Machine Learning Workflow Example

Options to Generate a Workflow

StreamFlow

StreamFlow

  • StreamFlow is a general framework for workflow orchestration
  • Relies on the Common Workflow Language (CWL)
    and connects the CWL with a deployment model
  • Workflows can be deployed to different environments:
    • Containers / Singularity
    • Slurm
    • Kubernetes

Note

BioExcel Building Blocks is a great example using CWL for biomolecular simulation.
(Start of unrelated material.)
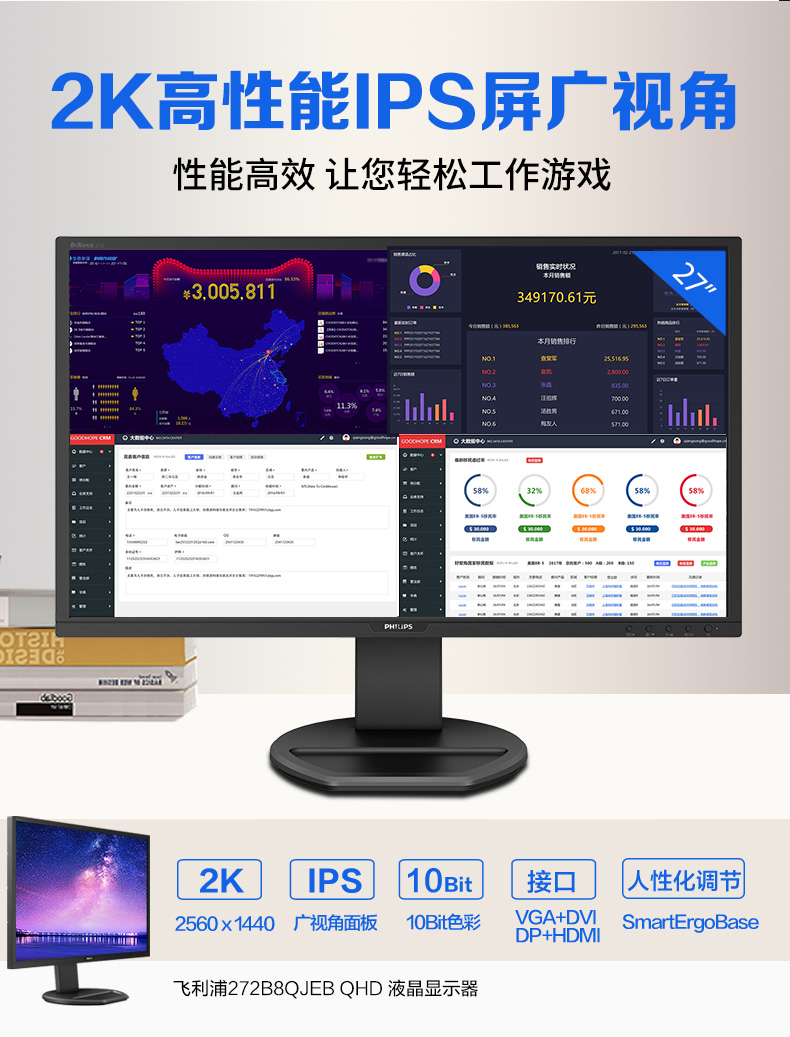 飛利浦(Philips)272B8QJEB液晶顯示器27寸VGA/DVI/HDMI/DP/USB2.0*2/USB3.0*2接口分辨率2560×1440

Common Workflow Language (CWL)

workflow.cwl
class: Workflow

inputs:
  epochs: int
  train_dataset: Directory
  eval_dataset: Directory
  train_script: File
  eval_script: File

outputs:
  model:
    type: File
    outputSource: train/model
  accuracy:
    type: string
    outputSource: eval/accuracy

steps:
  train:
    run: train.cwl
    in:
      train_script:train_script
      epochs:epochs
      dataset:train_dataset
    out:
      - model
      - loss
  evaluate:
    run: eval.cwl
    in:
      eval_script:eval_script
      dataset:eval_dataset
      model:train/model
    out:
      - accuracy
  • Declare the workflow in a YAML file
    • inputs
    • outputs
    • steps
  • Inputs and outputs are passed between steps and must be compatible
  • Workflows can be shared and reused

Common Workflow Language (CWL)

workflow.cwl
class: Workflow

inputs:
  epochs: int
  train_dataset: Directory
  eval_dataset: Directory
  train_script: File
  eval_script: File

outputs:
  model:
    type: File
    outputSource: train/model
  accuracy:
    type: string
    outputSource: eval/accuracy

steps:
  train:
    run: train.cwl
    in:
      train_script:train_script
      epochs:epochs
      dataset:train_dataset
    out:
      - model
      - loss
  evaluate:
    run: eval.cwl
    in:
      eval_script:eval_script
      dataset:eval_dataset
      model:train/model
    out:
      - accuracy
train.cwl
class: CommandLineTool

baseCommand: [python]

inputs:
  train_script:
    type: File
    inputBinding:
      position: 1
  dataset:
    type: Directory
    inputBinding:
      position: 2
      prefix: --dataset
  epochs:
    type: int
    inputBinding:
      position: 2
      prefix: --epochs

outputs:
  model:
    type: File
    outputBinding:
      glob: state_dict_model.pt
  loss:
    type: string
    outputBinding:
      glob: 

Visualizing CWL Graphs

CWL Implementations in Production

StreamFlow Architecture

StreamFlow Deployment

streamflow_container.yaml
workflows:
  workflow1:
    type: cwl
    config:
      file: cwl/workflow.cwl
      settings: cwl/settings.yml
    bindings:
      - step: /
        target:
          deployment: python3.12

deployments:
  python3.12:
    type: docker
    config:
      image: python:3.12
streamflow_slurm.yaml
workflows:
  # same as left

deployments:
  ssh-cascade:
    type: ssh
    config:
      nodes:
       - cascade-login.h-its.org
  slurm:
    type: slurm
    config:
      maxConcurrentJobs: 10
      services:
        cascade:
          partition: cascade.p
          nodes: 1
          mem: 1gb
    wraps: ssh-cascade

StreamFlow: Federated Learning

StreamFlow Demo

Flyte

Flyte

  • Flyte is a highly scalable cloud-native workflow orchestration platform on top of containers and kubernetes
  • Member of the Linux Foundation AI & Data
  • Strongly typed interfaces make it robust
  • Supports a wide range of programming languages
  • Data visualization and monitoring tools (FlyteDeck)
  • Large community and active development

Flyte Test Setup

Thanks to Martin Wendt (ITS) for providing a comprehensive testing setup including Kubernetes (k3s), Flyte, and MinIO.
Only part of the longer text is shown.